We further evaluated the role of UGGT1 in enterovirus D68 (EVD68). EVD68 is classified in a different group as other more common enteroviruses, such as EVA71 and coxsackievirus A16, but this does not mean it is less pathogenic: in a 2014 outbreak of EVD68, a total of 1,152 people in United States were confirmed as having acute respiratory infections caused by EVD68. It is important for emergency clinicians to recognize this viral illness, because it can lead to respiratory distress that requires hospitalization or, in some instances, intensive care . After infecting NC or UGGT1 siRNA-treated cells with EVD68, we evaluated viral replication rates, and observed that EVD68 viral titers were lower in UGGT1 siRNA-transfected cells as compared to NC siRNA-transfected cells (S3E and S3F Fig). These results confirm that UGGT1 is a positive regulator of EVA71 and EVD68 replication, and suggest that it may be a commonly utilized host factor for viral replication in enteroviruses.
To assess whether the enzymatic activity of UGGT1 is critical for viral replication, we generated UGGT1 variants lacking monoglucosylation activity (UGGT1(mut)). Previously, it was shown that UGGT1 enzymatic activity would be abolished after the elimination of monoglucosylation activity via mutation . We overexpressed UGGT1 or UGGT1(mut) in infected cells, and subsequent comparison of viral yields showed no significant difference (S4 Fig), suggesting that UGGT1 enzymatic activity is not critical for viral replication. In light of this, we propose that UGGT1 may primarily act as a protein bridge to facilitate viral replication.
EVA71-induced pathogenicity decreases in Uggt1 heterozygous knockout mice
To assess the role of UGGT1 in viral pathogenicity in vivo, we generated Uggt1 knockout mice from the KOMP-CSD ES cell resource . The Uggt1 gene deletion destroys reglucosylation activity in cells and is embryonically lethal at day E13 in mice . Homozygous Uggt1 knockout mice were embryonically lethal; however, heterozygous mice were viable, fertile, developed normally, and did not reveal any obvious phenotypic alterations up to adulthood (Fig 4A). Heterozygous Uggt1 knockout mice expressed only 50–60% of UGGT1 as compared to their UGGT1 wild-type littermates (Fig 4B). A mouse-adapted EVA71 strain with increased virulence in mice, MP4, was generated after four serial passages of the parental EVA71 strain 4643 in mice . To quantify EVA71 replication rates in wild-type or heterozygous Uggt1 knockout mice, the viral load in different mouse tissues on Day 3 after EVA71 infection was assessed.
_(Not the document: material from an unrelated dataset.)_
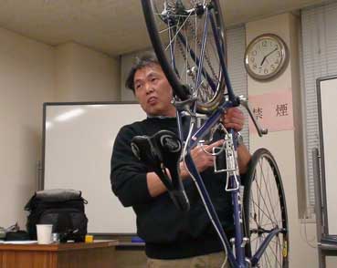 今回の例会は4月に行われる、春の自転車めぐりを前にして、より自転車を楽しむ為のセミナーを行った。
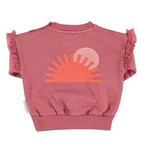 Baby Sweatshirt w/ Frills on Shoulders - Pomegranate with "More Amore" Print

EVA71 was detected in the brain (Fig 4C) and muscle tissues (Fig 4D), but the viral load in Uggt1 heterozygous knockout mice was significantly lower than that in wild-type mice. These results prompted us to investigate the virulence of EVA71 in Uggt1 heterozygous knockout mice. We challenged 10-day-old wild-type or heterozygous Uggt1 knockout mice with a 105 plaque-forming unit (PFU)/mouse dose of EVA71 strain MP4. Wild-type mice displayed severe limb paralysis on Day 4 after infection, while heterozygous knockout mice only demonstrated mild limb paralysis (Fig 4E). Infected wild-type mice began to die on Day 8 after infection, whereas heterozygous Uggt1 knockout mice began to die on Day 10; however, the 90% survival rate in infected heterozygous knockout mice was still significantly higher (P < 0.001) than the 0% survival in wild-type mice (Fig 4F).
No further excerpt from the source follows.